START Input data
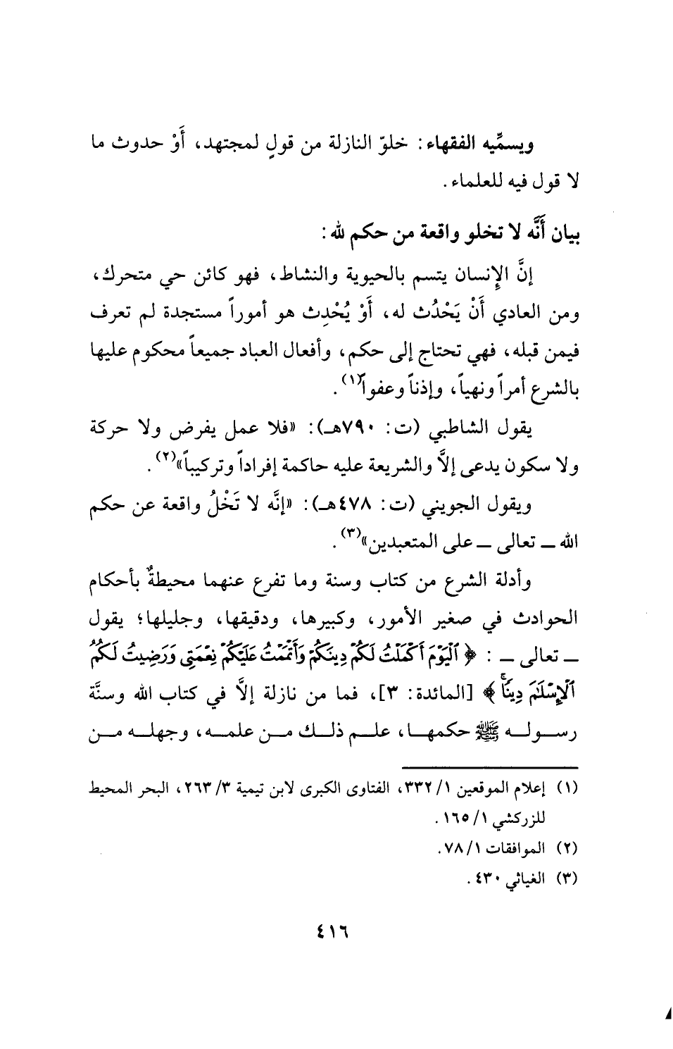 ويقول الجويني (ت: 478 هـ): "إنَّه لا تَخْلُ واقعة عن حكم الله - تعالى - على المتعبدين" (¬3).
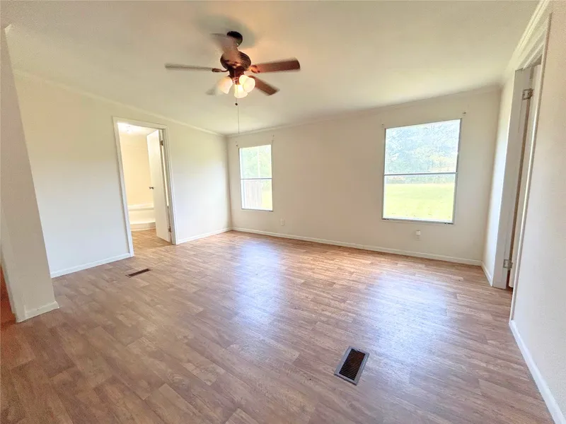 This charming 3 bed, 2 bath double wide home sits on just over 1 acre in Tarkington ISD with No Flood Plain! Enjoy privacy in a peaceful country setting in North Cleveland. The open floor plan offers a spacious living room, ample cabinets, and family dining space. Situated on a cul-de-sac, the large cleared lot ensures no through traffic. With no HOA or restrictions, this property boasts a water well and aerobic septic system. Relax on the huge covered deck in the fenced front yard. Don't miss the chance to make this beautiful property your home!
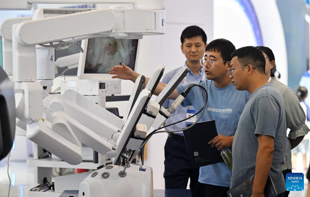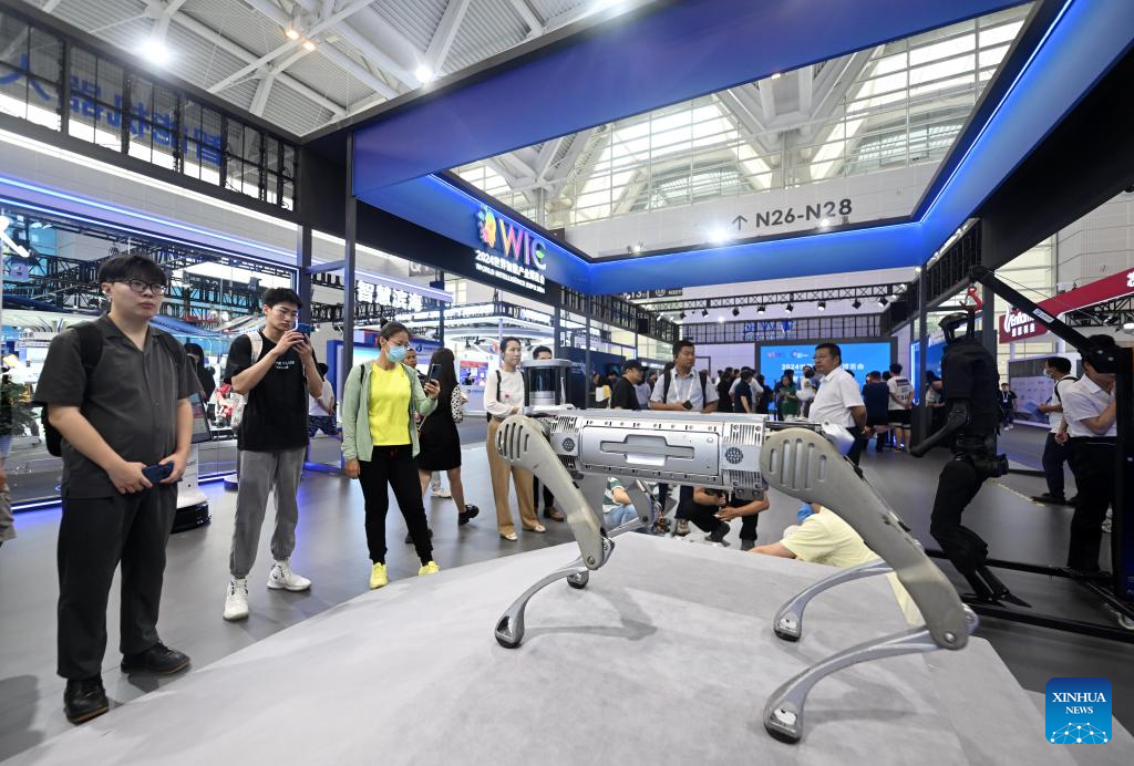 TIANJIN, 22 junio, 2024 (Xinhua) -- Personas observan exhibiciones de robots en la Exposición Mundial de Inteligencia 2024, en Tianjin, en el norte de China, el 22 de junio de 2024. El día abierto al público de la exposición se llevó a cabo el sábado en Tianjin. (Xinhua/Li Ran)
END Input data
- Task brief -
Transcribe the listing verbatim, pictures excluded.

- Output for this exercise -
 ويقول الجويني (ت: 478 هـ): "إنَّه لا تَخْلُ واقعة عن حكم الله - تعالى - على المتعبدين" (¬3).
 This charming 3 bed, 2 bath double wide home sits on just over 1 acre in Tarkington ISD with No Flood Plain! Enjoy privacy in a peaceful country setting in North Cleveland. The open floor plan offers a spacious living room, ample cabinets, and family dining space. Situated on a cul-de-sac, the large cleared lot ensures no through traffic. With no HOA or restrictions, this property boasts a water well and aerobic septic system. Relax on the huge covered deck in the fenced front yard. Don't miss the chance to make this beautiful property your home!
 TIANJIN, 22 junio, 2024 (Xinhua) -- Personas observan exhibiciones de robots en la Exposición Mundial de Inteligencia 2024, en Tianjin, en el norte de China, el 22 de junio de 2024. El día abierto al público de la exposición se llevó a cabo el sábado en Tianjin. (Xinhua/Li Ran)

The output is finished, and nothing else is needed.